[Work item] Write out a word-for-word repetition of the lines that come before the line containing "Prins ProCare Protection" in the listing below, along with that line itself, omitting pictures.

[The data]
____________________

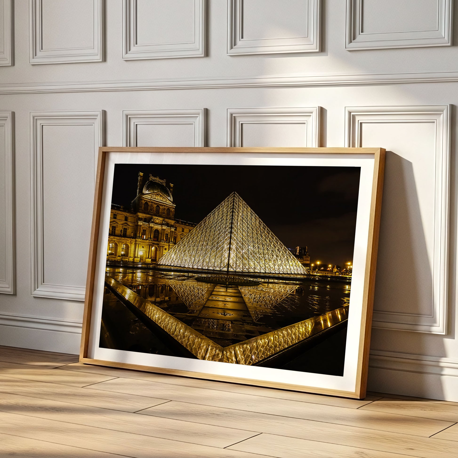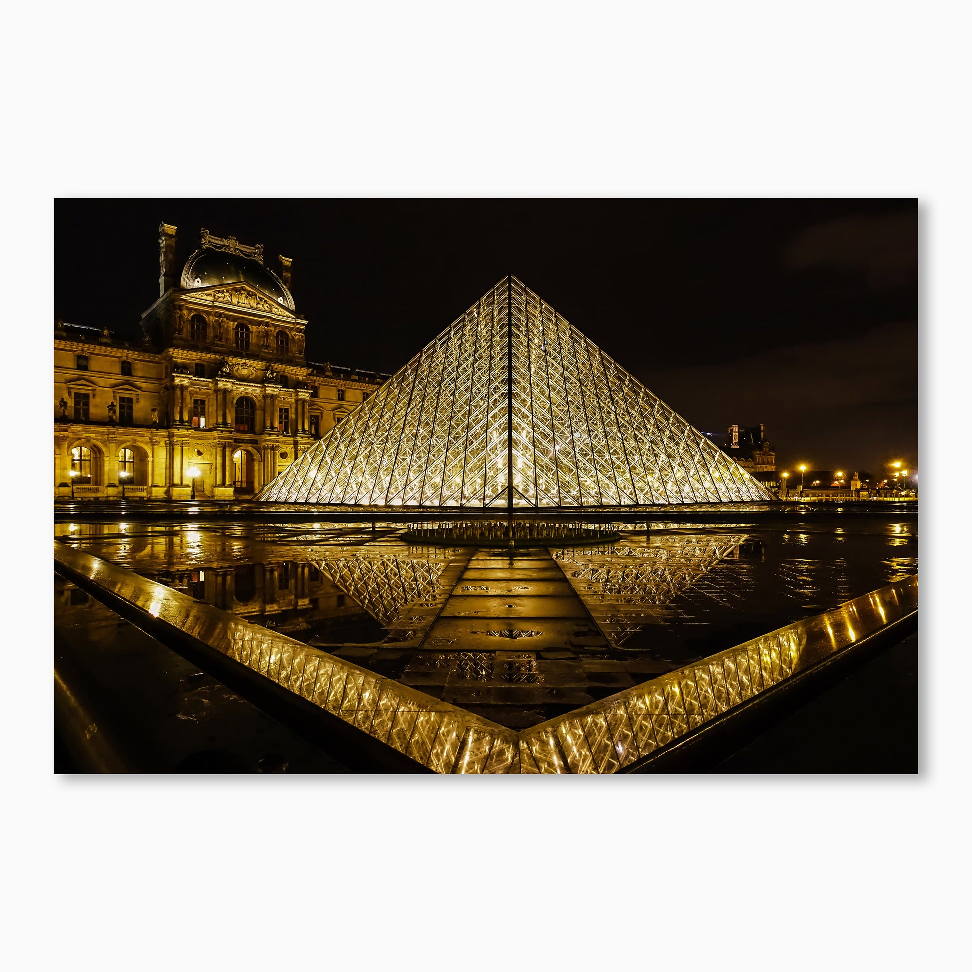 A striking nighttime view of the Louvre Pyramid in Paris, captured in perfect symmetry and glowing golden light. The glass panels shimmer against the black sky, reflected flawlessly in the water below, while the historic palace stands proudly behind. This image captures the contrast of old and new—elegance, precision, and architectural brilliance. A must-have print for lovers of Paris, art, and atmospheric urban photography.
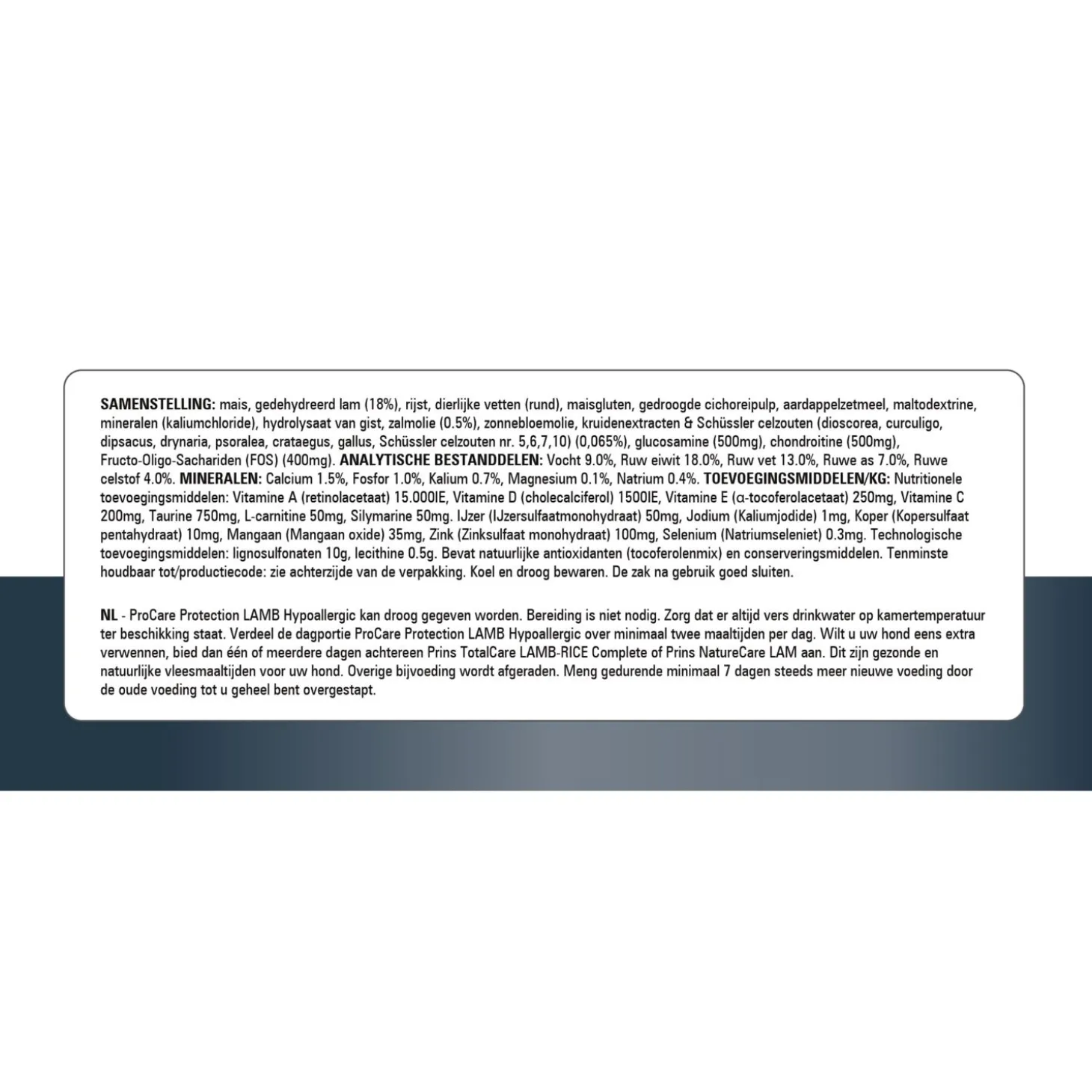 Prins ProCare Protection Lamb Hypoallergenic is verkrijgbaar in 3 kg en 15 kg.
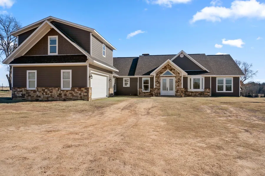 Sitting on over 55 picturesque, fenced and cross fenced acres, with a spring fed pond, yet only minutes from the heart ofMount Pleasant, this new construction home and huge barn make this property the perfect place to get away from it all. The barn has electricity and water ran to it, a large roll up door, is set up for all livestock and has individual stalls with turnouts. If a barn isn't what suits your needs, it could easily be converted to a fully enclosed shop. The home features everything you were hoping to build in your dream home... without the hassle of building! In addition to the 3 bedrooms and 4 full bathrooms, this home has a separate office space, large laundry room, walk in pantry, and a spacious loft/bonus area above the garage currently being used as another bedroom. With its first class finish out, the home boasts beautiful stained concrete floors, stunning granite countertops, high ceilings, and a stone faced wood burning fireplace. Double ovens, the gas cooktop, dual sinks, and the vast island make this kitchen a chef's dream! The great room provides ample space for entertaining guest sand features large windows that create a seamless transition between indoor and outdoor living on the massive covered patio overlooking the rolling landscape.
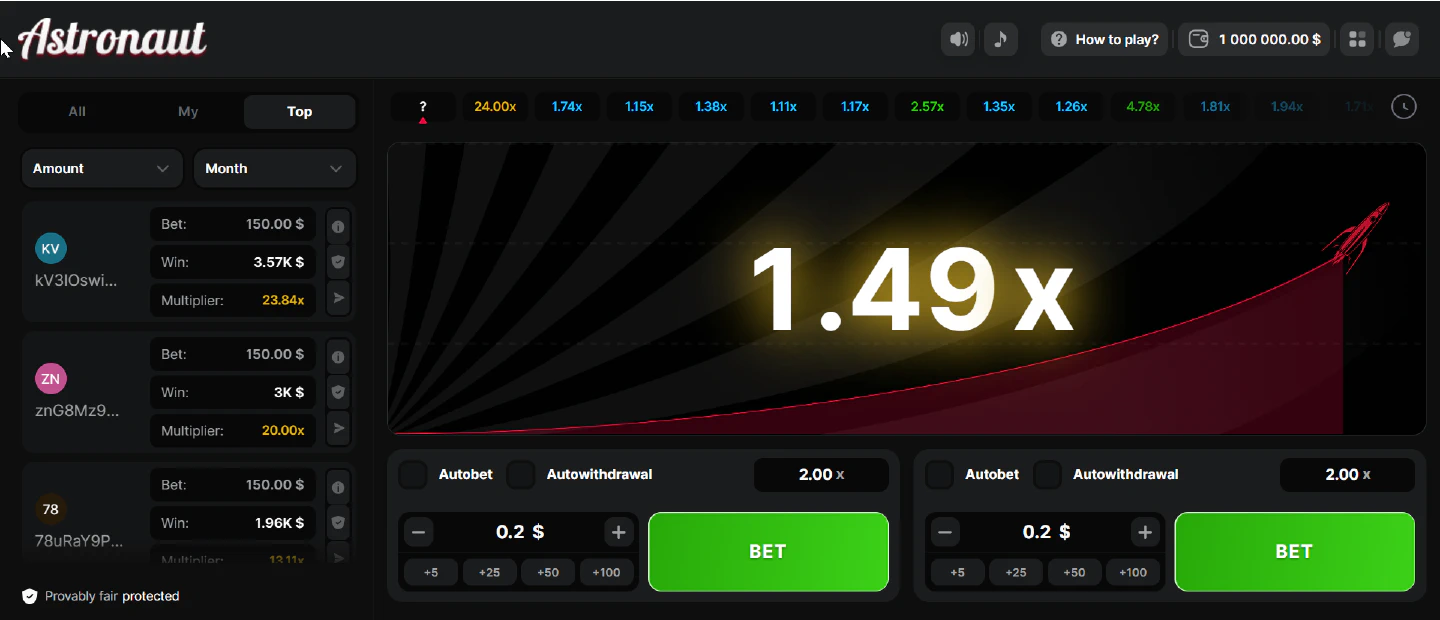Astronaut is an excellent choice for those who enjoy fast-paced crash games but seek a fresh, distinctive experience beyond typical themes common in an Aviator Astronaut game. It’s a crash game with unique visual and technical gameplay.

____________________

[Solution to this exercise]
 A striking nighttime view of the Louvre Pyramid in Paris, captured in perfect symmetry and glowing golden light. The glass panels shimmer against the black sky, reflected flawlessly in the water below, while the historic palace stands proudly behind. This image captures the contrast of old and new—elegance, precision, and architectural brilliance. A must-have print for lovers of Paris, art, and atmospheric urban photography.
 Prins ProCare Protection Lamb Hypoallergenic is verkrijgbaar in 3 kg en 15 kg.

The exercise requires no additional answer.